Extracted data entries
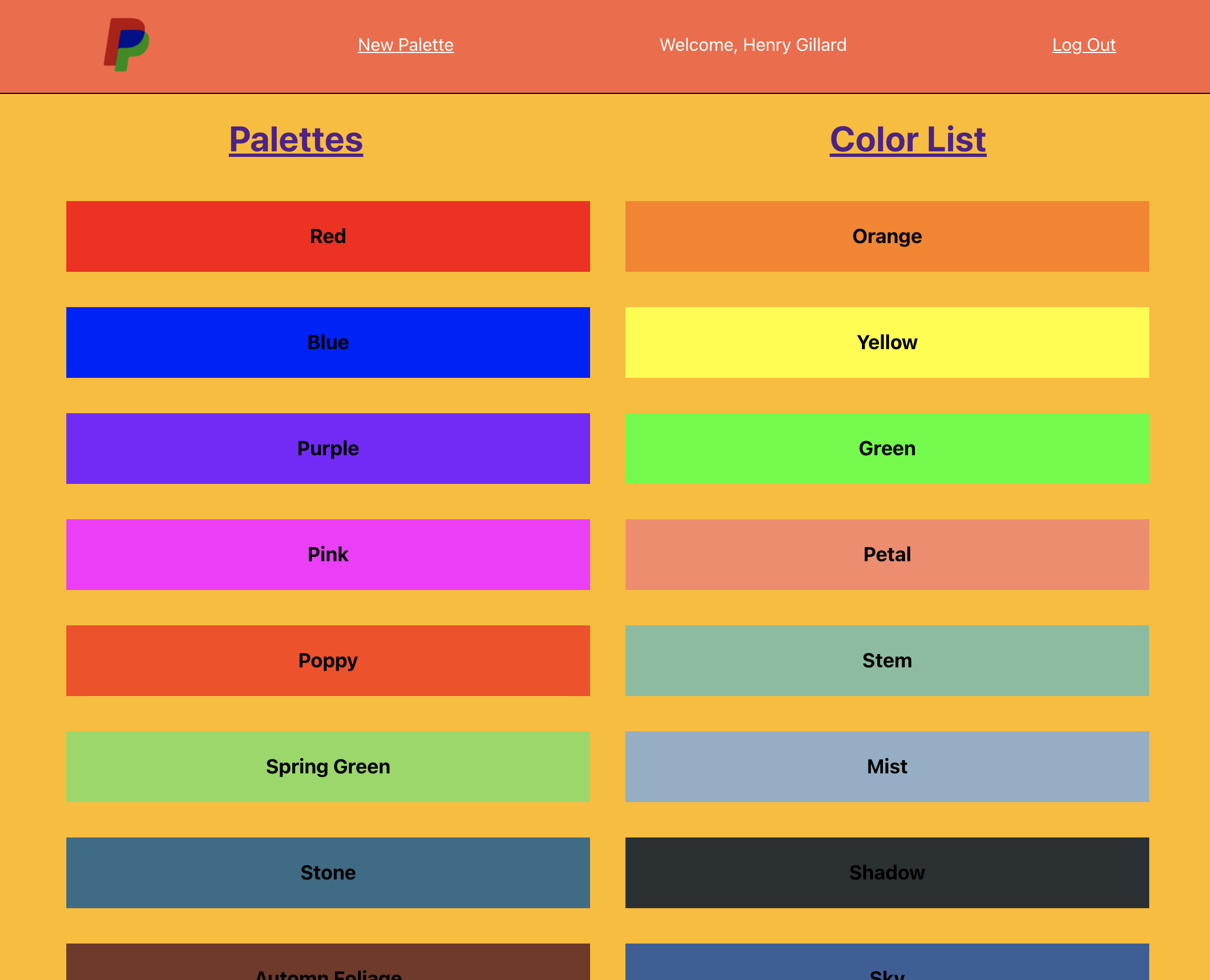 - Allow the user to store saved palettes.
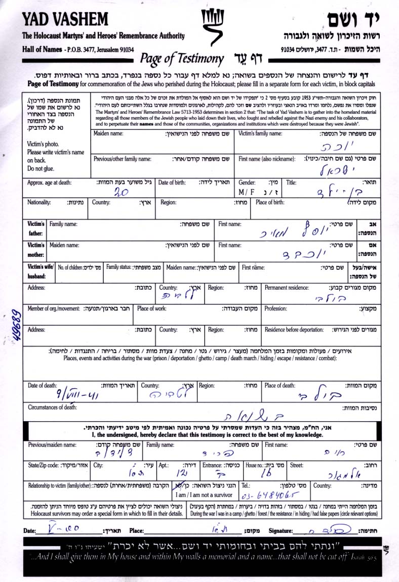 Яд Вашем - Листы свидетельских показаний Мемориального фонда
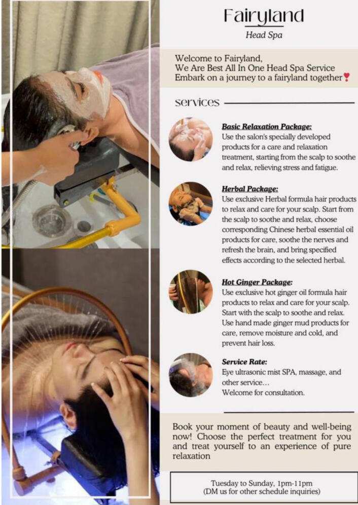 At Fairyland, we offer a variety of treatments from deep scalp cleansing and facial care to hot ginger oil massage — each tailored for total physical and mental relaxation.
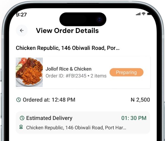 Stay in the loop from the moment you order to delivery. With real-time tracking, you can see when your food is being prepared, picked up, and exactly where your rider is on the map.
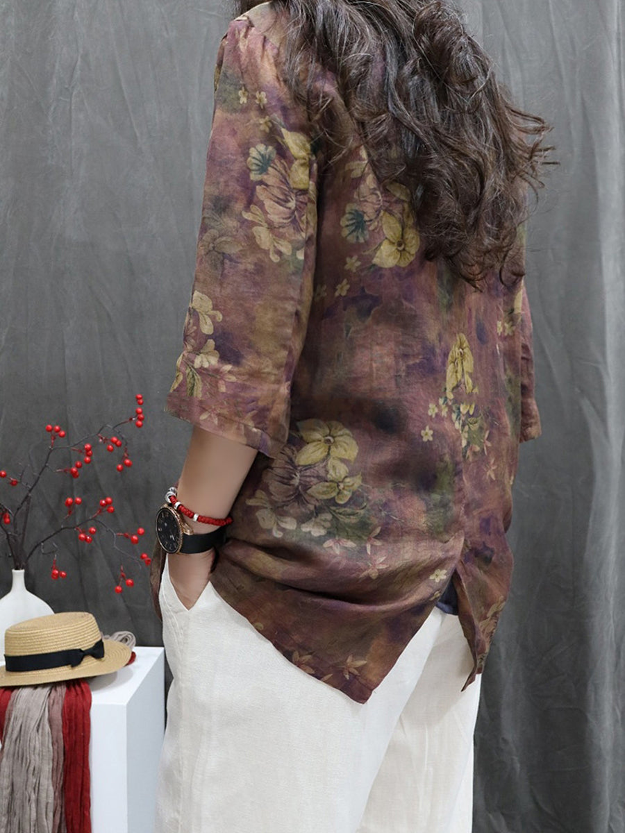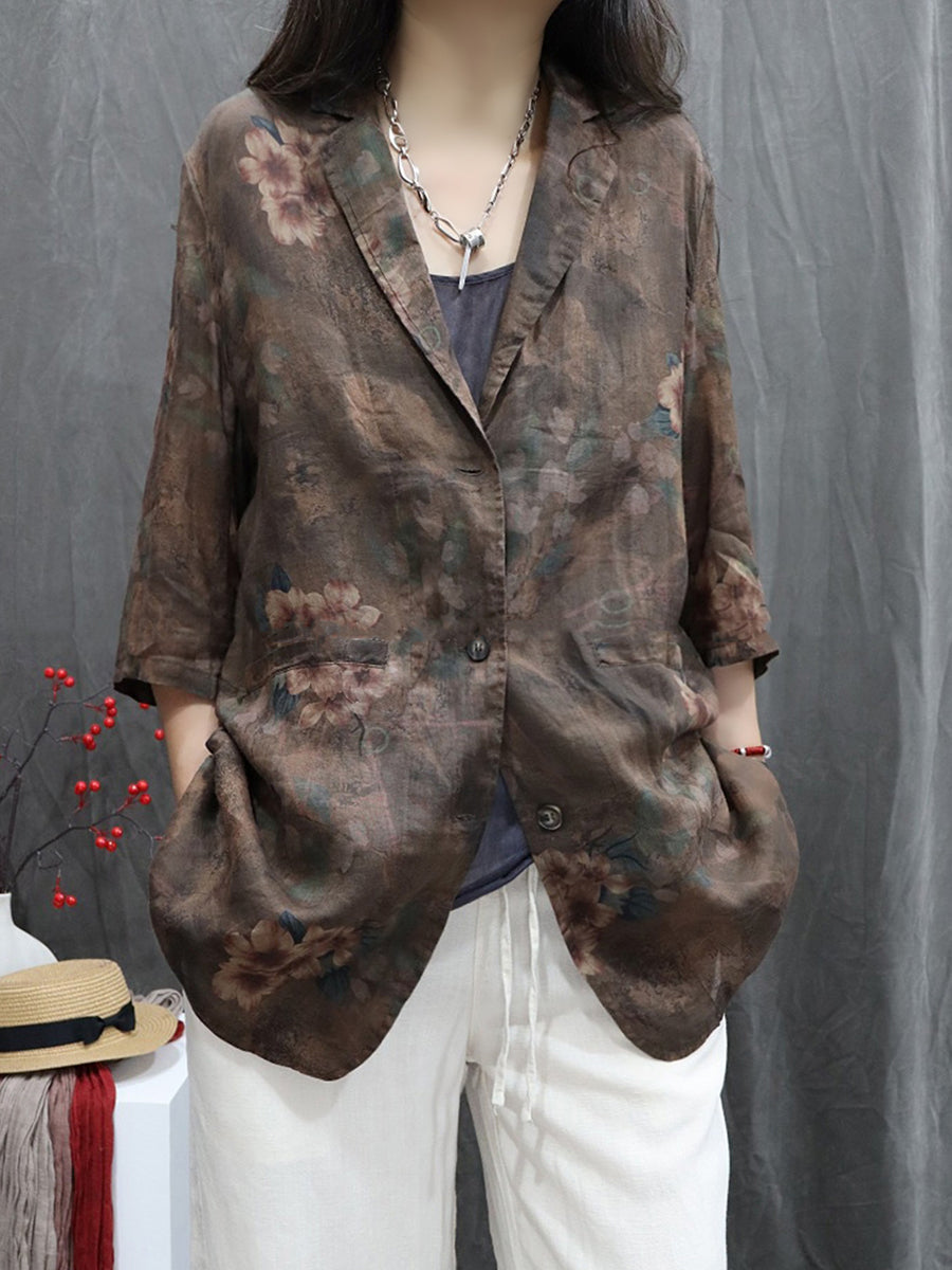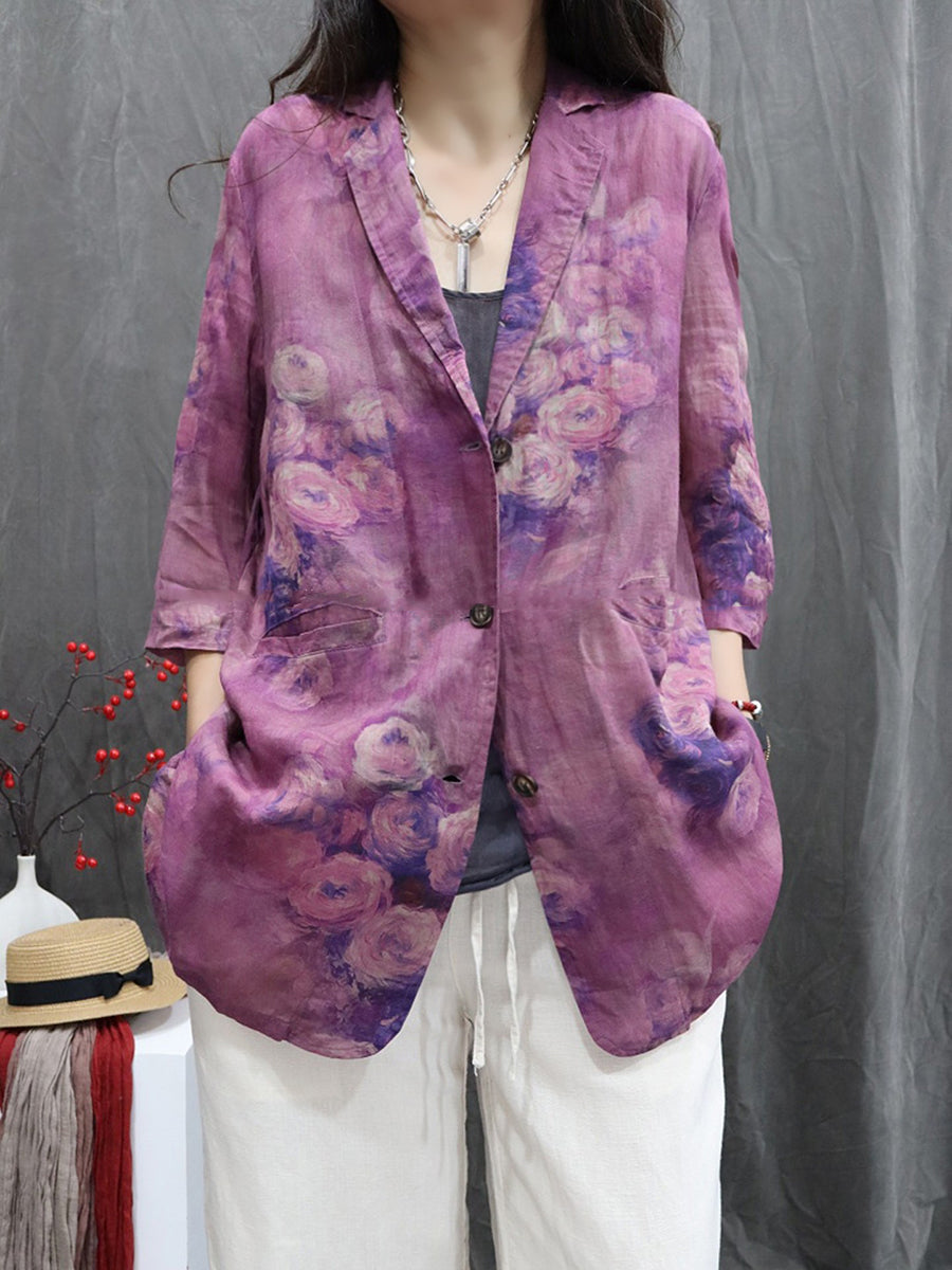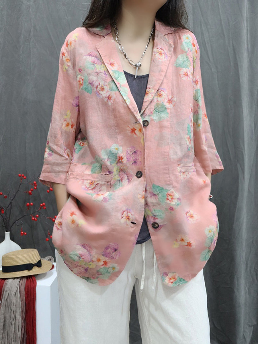 Women Spring Flower 100%Ramie Turn-down Collar Coat

**REQUIREMENT**
The answer must be an exact transcription of the lines from the one containing "At Fairyland, we" through the last line of the records above, both included, with no pictures.

**ANSWER BELOW**
 At Fairyland, we offer a variety of treatments from deep scalp cleansing and facial care to hot ginger oil massage — each tailored for total physical and mental relaxation.
 Stay in the loop from the moment you order to delivery. With real-time tracking, you can see when your food is being prepared, picked up, and exactly where your rider is on the map.
 Women Spring Flower 100%Ramie Turn-down Collar Coat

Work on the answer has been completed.